Tidak ada orang di kantin sama sekali, karena mereka berdua datangnya terlalu pagi. Dan Prima bersyukur telah dibangunkan lebih pagi dari biasanya, karena dengan itu ia bisa ke sekolah jauh lebih pagi juga.

Keheningan di kantin membuat perempuan itu merasa lebih tenang, dan sentuhan Seven di pundaknya juga terasa nyaman. Ketika Prima mengangkat wajahnya, Seven langsung merentangkan tangannya, menawarkan pelukan untuk perempuan itu.
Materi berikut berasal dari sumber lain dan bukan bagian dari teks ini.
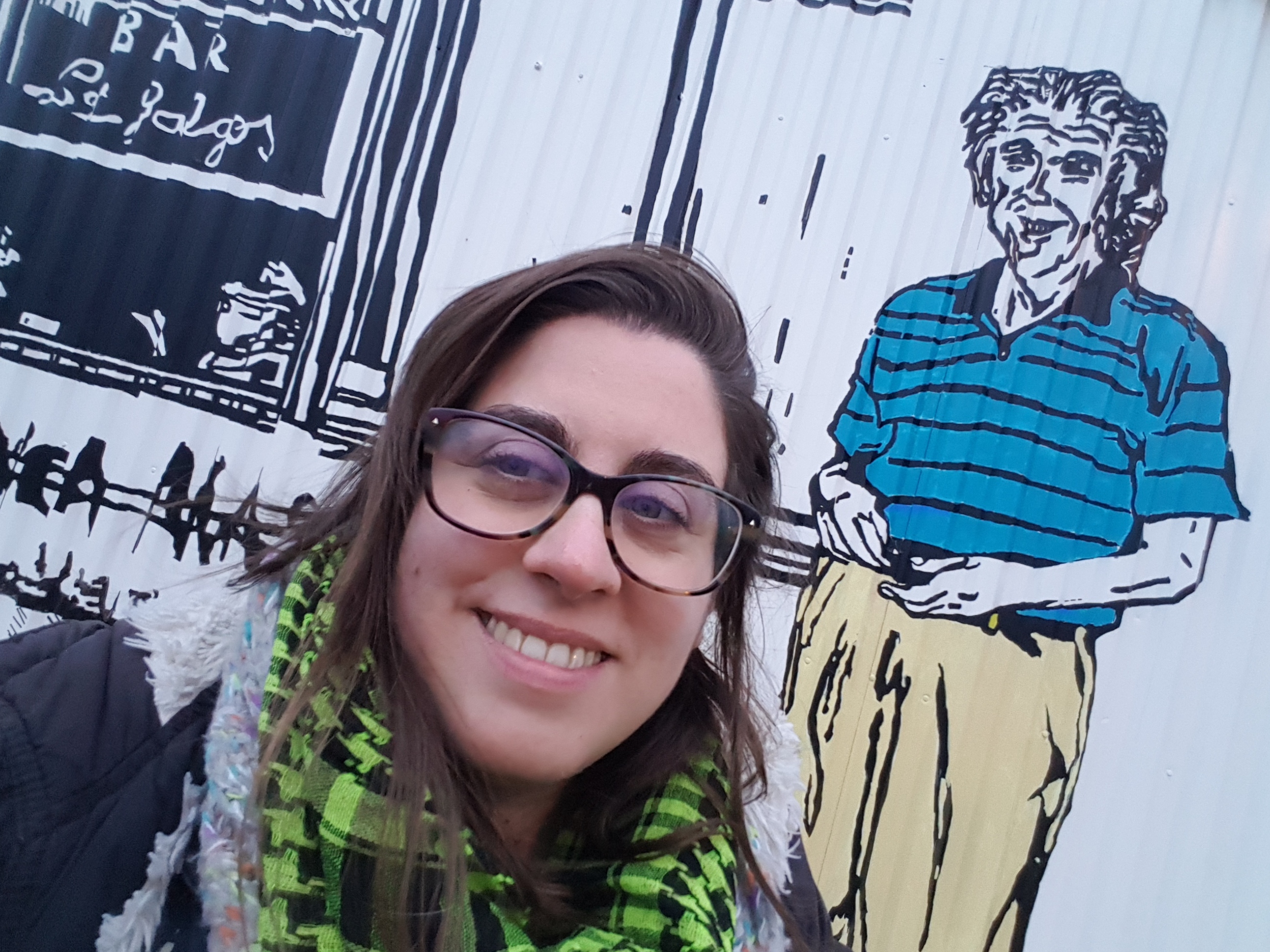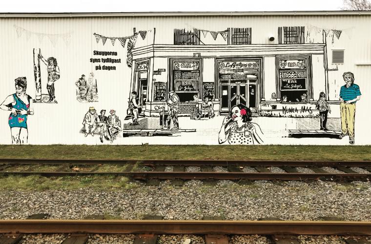 Med en pensel i ena handen rör sig Ana Carolina Fleming över byggnadsställningen utmed väggen på Veddige tågstation i Varbergs kommun. De senaste veckorna har tågresenärerna kunnat se en muralmålning växa fram på fasaden. Målningen föreställer ett typiskt kafé i den argentinska huvudstaden Buenos Aires som Ana Carolina lämnade för Varberg för sex år sedan. Hennes pappa och flera vänner från både Sverige och Argentina finns med i verket.
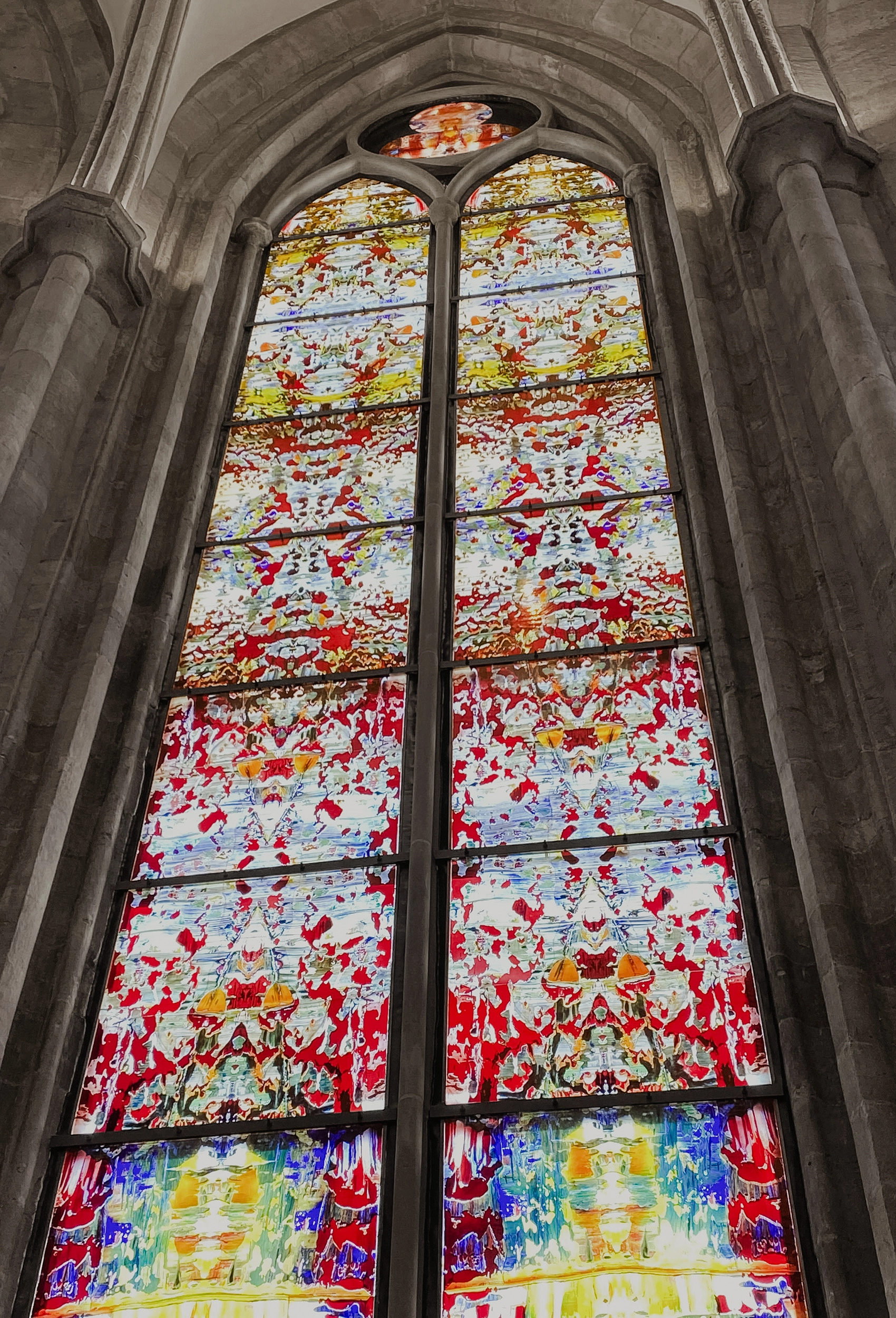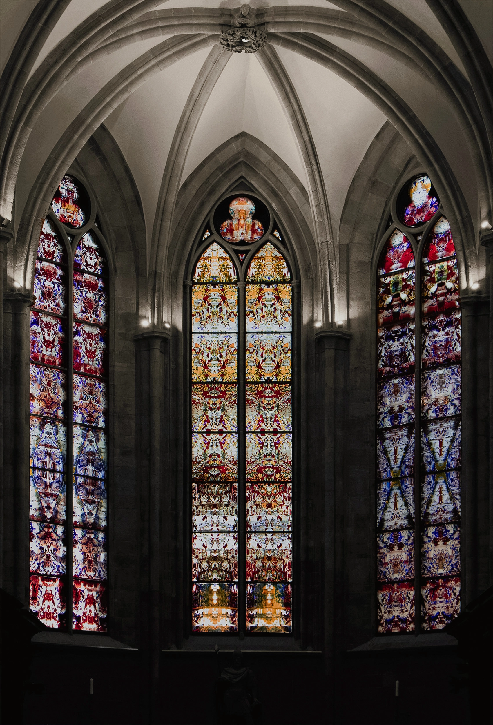 Die drei Chorfenster sind nach Vorlagen des weltberühmten Malers Gerhard Richter in den Münchner Werkstätten entstanden. Die Kirchenfenster basieren auf malerisch anspruchsvollen Vorlagen, die Gerhard Richter aus der 16-fach gespiegelten Serie seiner digitalen Arbeit für die Publikation “Patterns – Divided – Mirrored – Repeated” entnahm.

Tanpa berpikir dua kali, Prima langsung menjatuhkan dirinya ke dalam pelukan pacarnya. Ia sudah tidak menangis lagi, melainkan sekarang ia merasa tenang di dalam pelukan lelaki itu. “Makasih Sev, maaf aku tiba-tiba nggak jelas,” gumam perempuan itu. Suaranya tidak begitu jelas karena ia menenggelamkan wajahnya di dada pacarnya.

Seven mengangguk, mengelus-eluskan kepala kakak kelasnya. “Don’t apologize. Kakak mau cerita nggak? Numpang nggak ada orang.”

Prima menggelengkan kepalanya, lalu menjauhkan dirinya dari dada Seven. “Ah this is so embarrassing, I’m supposed to be older than you.” ia memutarkan kedua bola matanya malas. Seven tertawa, “Apa hubungannya coba?”

Prima tidak menjawab, ia malah menenggelamkan wajahnya di dada lelaki itu lagi, mengucapkan ‘makasih’ berkali-kali yang kemudian dibalas dengan ‘iya’ oleh Seven sama banyaknya.